PhD Dissertations: Brian Stewart Chisholm, 1987
Reconstruction of Prehistoric Diet in British Columbia Using Stable Carbon Isotopic Analysis
Information of prehistoric diet can be extremely useful for understanding human behaviour as it relates to food acquisition. In British Columbia prehistoric diet has been inferred from ethnographic, archaeological and zooarchaeological evidence. However, lack of quantified data makes it difficult to determine the degree to which people relied on marine species for their protein, or to compare people from different sites and time periods.

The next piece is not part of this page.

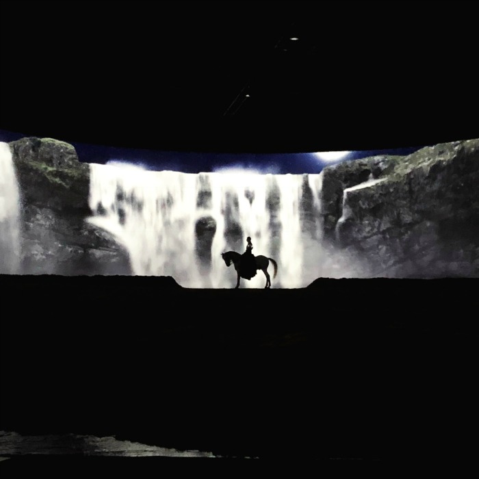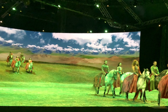 The stage has grown to nearly double its original size providing the opportunity for a 3 story high mountain and incredible visual effects. The changing screen gives life to the background and makes it truly difficult to distinguish between the natural ground and screen. Many times the horses and riders appear to walk right off the screen to their live performance.

This study uses a new approach, the application of stable carbon isotope analysis of human bone collagen, to obtain such quantified data. Following investigation of the applicability and variability of the analytical technique, ethnographic and archaeological evidence was used to identify dietary species representing marine and terrestrial alternatives. Samples of those species were taken for each of a number of different locales and environments, and representative isotope ratios determined for both marine- and terrestrial-based diets. Isotope ratios for prehistoric humans were then compared to those for the two alternative diets in order to determine the human's degree of reliance on marine species as a protein source.
Results indicate that prehistoric British Columbian coastal dwellers obtained about 90 ± 10% of their protein from marine species, specifically salmon. People in areas away from major salmon streams obtained some of their protein from marine species although the amount was much less. These proportion do not appear to have changed significantly for the last 5000 years. However, some differences have been observed in results, between females and males, adults and children, and geographic areas.